Preparations went under way for the launch of a new product, a mega launch. The product was Tarivid (ofloxacin).
Ofloxacin belonged to the quinolones family of antibacterial drugs, more precisely fluoroquinolones. Quinolones were not new to the drug market; nalidixic acid (Negram – Winthrop/Pharmatec) had been around for a very long time. During the past few years, Abbott had launched Urixin (pipemidic acid) and the last to come was Noroxin (norfloxacin – MSD). Fluoroquinolones were supposed to have better spectrum and efficacy and norfloxacin was the first in this group to come on the market. Quinolones were very effective for Urinary Tracts Infections (UTIs) and approved for that by regulatory bodies world over. Hoechst was going to launch the next generation fluoroquinolone, Ofloxacin. Pre-launch was done in several steps.
Sales team orientation was the first. It was not launch training; it was basic introduction to the drug and its application.
Identification of potential customers was the next step. Tarivid had a wider spectrum, deeper tissue penetration and higher bacterial sensitivity. It would therefore be used for treating UTIs as well as other infections.
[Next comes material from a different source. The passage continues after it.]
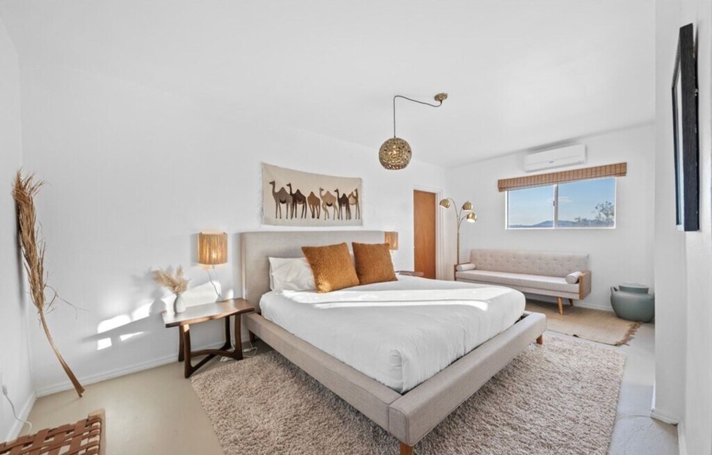 The perfect blend of style, comfort, and seclusion in this professionally designed and fully renovated desert retreat. Set on the western edge of Wonder Valley, this 3-bedroom, 1-bathroom home offers over 1,300 square feet of thoughtfully curated living space, ideal for those seeking both tranquility and accessibility just 7 minutes from downtown 29 Palms and 12 minutes to the entrance of Joshua Tree National Park. Inside, concrete floors and an open floor plan create a spacious, contemporary ambiance. The home features two inviting sitting rooms, a dedicated dining area, and multiple outdoor spaces designed to make the most of the expansive Mojave landscape. Two of the bedrooms offer direct access to a private patio perfect for morning coffee or quiet evenings under the stars. Enjoy breathtaking panoramic views that stretch from Joshua Tree National Park to snow-capped Mt. San Gorgonio and the dramatic Sheephole Wilderness. Whether you're soaking in the bathtub with a stunning desert vista, cozying up by the wood-burning fireplace, or lounging by the above-ground pool, this home brings modern desert living to life. Additional amenities include a hot tub for evening relaxation, outdoor lounging and dining areas for al fresco entertaining, and a Level 2 EV charger for added convenience. This is more than just a rental it's a serene escape designed to inspire and recharge. $40 Application Fee. Income 2.5x Rent. Min 625 credit score. Proof of employment required (2 months of pay stubs, bank account). Schedule viewing by Text only or visit www.peakmanagement.co/vacancies. Peak Management does not and shall not discriminate on the basis of race, color, religion (creed), gender, gender expression, age, national origin (ancestry), disability, marital status, sexual orientation, or military status, in any of its activities or operations. PLEASE BE AWARE OF RENTAL SCAMS: We urge you to be vigilant in researching the legitimacy of any potential rental listings and perform all appropriate due diligence. All deposits, rents and rental agreements should only be executed at Peak Management, 50 S De Lacey Ave, Ste. 210, Pasadena, CA 91105. If you are being asked to meet someone with cash, or if you are being asked to send money via Western Union, Moneygram, or Prepaid Visa card these are possible signs of rental listing scams used to defraud users.

Seeding was the next activity done with selected customers. They were mostly the consultants whose opinion would influence the other doctors.
Seeding involved three steps.
- Introduction of product before the formal launch and provision of related product information so that the consultant could choose the right patient for the drug
- Providing complete doses for a certain number of patients
- Recording of observations by the consultant about treatment outcome, side effects etc.
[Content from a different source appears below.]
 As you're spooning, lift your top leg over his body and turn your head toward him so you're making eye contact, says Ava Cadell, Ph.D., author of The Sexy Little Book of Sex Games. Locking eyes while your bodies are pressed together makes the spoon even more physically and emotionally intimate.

Seeding is clinical experience but not a clinical trial. Clinical Trial is highly structured, organized, formal and monitored program. Seeding is a real-life clinical observation on a small scale.
Team training was next. It was extensive and intensive owing to the nature of the product. A good product training would prepare the trainees intellectually and emotionally. They get armed with information and motivated with positive feeling about product.
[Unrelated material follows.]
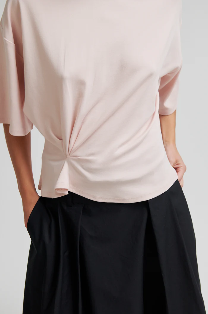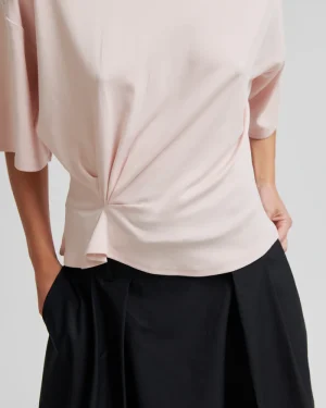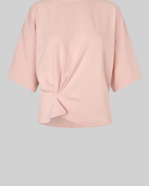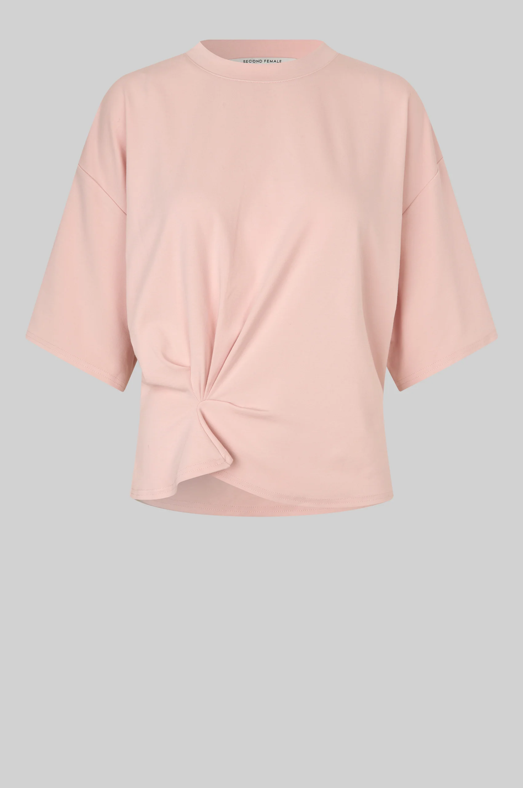 Kortärmad t-shirt med rynkning från Second Female. T-shirten är tillverkad i en mjuk, stretchig lyocell- och bomullsblandning. Rund halsringning och nedsänkta axlar. Rynkade detaljer framtill för en draperad effekt. Avslappnad passform upptill med mer åtsittande midja.

Preparation for list of selected customers came next. Criteria were set which the team followed for identification and selection of customers. Initially, a smaller number of customers was selected for introduction of product.
Parallel to the doctors list, a list of pharmacies was also prepared for distribution team to make the product available. The list included the nearby pharmacies where applicable, and the main pharmacies in every city which could be approached by any patient from any part of the city.
Tarivid was launched in April 1987. It became talk of the country instantly; partly because of the product profile and partly due to the price. At twenty-one rupees a tablet, it was allegedly the highest-priced tablet at that time.
Selling Skills courses say that Customer Objections are of two kinds.
Perceived Objections – are due to some misperception. Mostly, these are the result of insufficient or incorrect information. These are easier to handle. Provide enough and correct information and the objection will quickly go away.
Genuine Objections – are due to a real handicap or shortcoming or problem of the product. In Pharma, these could be related to efficacy or adverse effects or stability or price. Handling of genuine objections is not so easy. It usually requires discussion of several other positive features and benefits of the product which could mitigate the strength of objection.